Commodity prices plunge on recession, China fears
Prices are plunging amid growing fears China’s pandemic policies may crimp its growth and as inflation worries hit the global economy.
Iron ore looks set to continue this month’s sharp plunge on growing fears of a slowdown in China, amid a commodity price plunge that also battered gold producers on Wednesday.
Iron ore spot prices were trading just below $US110 on Tuesday, but Singapore futures dipped further in Wednesday trading, touching $US106.70 late in the day – their lowest mark in 2022.
The falls in Singapore were mirrored by a similar 2.7 per cent drop in the value of the most traded active contract on China’s Dalian exchange, with the iron ore price rout seemingly set to continue as mass testing for Covid-19 in Shanghai this week has again raised fears of wider lockdowns in China’s major cities.
Australia’s most valuable export commodity was worth more than $US145 a tonne a month ago, but has slumped on growing fears that China’s “zero Covid” policy will further crimp its economy amid reports iron ore stockpiles are rising as Chinese steel mills idle blast furnaces as lockdowns weaken economic activity and hit steel demand.
The growing threat posed by a weakening Chinese economy has exacerbating inflation concerns hitting major developed nations, with fears of a broader recession – partly triggered by high commodity prices – also triggering an oil price plunge.
West Texas Immediate crude oil prices had limped to levels just above $US100 a barrel late on Wednesday, Australian time, after plunging 8.6 per cent the previous day to dip into double figures for the first time since April.
The oil slump was triggered by recession fears on Wall Street, with a rally in the US dollar also hitting the gold price, which fell to a six month low beneath $US1800 an ounce this week.
Gold was holding those levels late on Wednesday on international markets, held back by the strong rise in the value of the greenback as investors preferred the US dollar as a haven asset.
But the combination meant the gold price traded relatively steady in Australian dollar terms through Wednesday, trading in a $2596 to $2606 range through the day - although it is well down on levels closer to $2660 on Tuesday.
The commodity price rout has also seen copper crash below $SU7500 on global markets on Wednesday, with early trading on the London Metals Exchange down 5 per cent to $US7291.50 a tonne, copper’s lowest level since 2020 and well below April levels above $US10,000. Steep falls were also running in the price of aluminium, zinc and tin.
The commodity price carnage took a heavy toll of Australian resources stocks, with the energy sector down 5.8 per cent for the days, with the materials sector down 5 per cent.
Of the major miners, Rio Tinto was hit the worst, closing down 7.4 per cent or $7.40 to $93.37. BHP was off $2.24m, or 5.6 per cent to a $37.76 close, with Fortescue Metals Group hitting its lowest closing mark in 2022 at $16.48, down 4.9 per cent for the day.

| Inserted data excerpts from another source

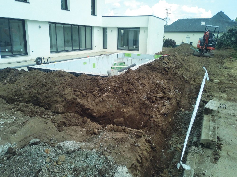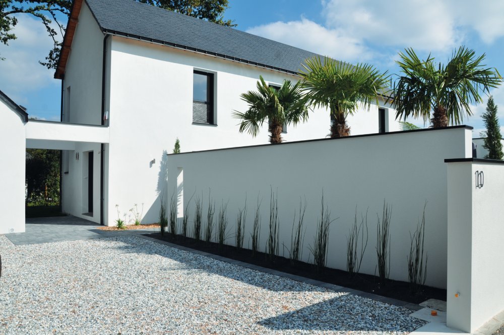 Réalisation de l’aménagement paysager global pour cette maison neuve : travaux de terrassement, dallage, pavage, nidagravel, murets enduits avec couvertine, muret enduit avec palissade en liteaux bois Douglas, muret enduit décoratif avec meurtrière, clôture grillage souple, plantations, gazon de placage, installation d’éléments d’éclairage extérieur et d’une fontaine décorative.
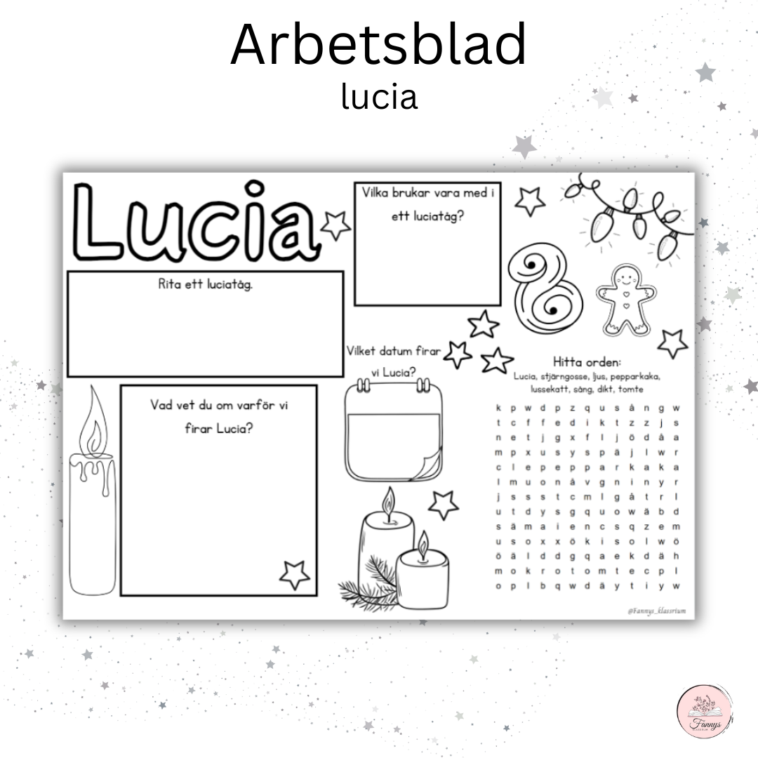 Arbetsblad om lucia där eleverna får skriva, rita och hitta ord i en ordgömma.
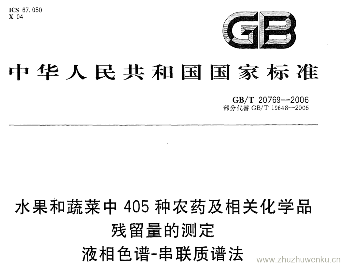 GB/T 20769-2006 pdf下载 水果和蔬菜中405种农药及相关化学品 残留量的测定 液相色谱-串联质谱法
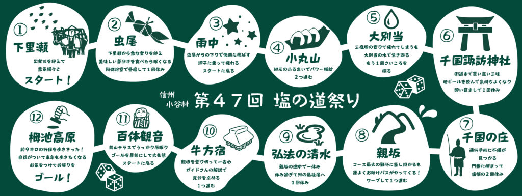 今年の手ぬぐいのデザインが決定しました!今年は塩の道祭りで歩くルートを「すごろく」に仕立ててみました。しかも、募金をしていただいた方に配布している「飴」を「サイコロ」に替える徹底ぶり!今年は手ぬぐいで「すごろく」を楽しむ姿が見れることを...

Oil stocks were also battered, with Woodside Energy Group down 6.9 per cent, or $2.24, to $30.20, and Santos down 6.1 per cent to $7.02.
Australia’s gold majors fared no better, with Newcrest Mining down 6.6 per cent to $19.60, Northern Star Resources down 30c to $6.91, and Evolution Mining down 3.9 per cent to $2.41.
Copper and base metals miner 29Metals was among the worst hit of Australia’s mid-tier producers, with its stock down 11.4 per cent or 18.5c to $1.435. OZ Minerals closed down 48c to $16.97, with Sandfire Resources falling 37c, or 8.4 per cent, to $4.06.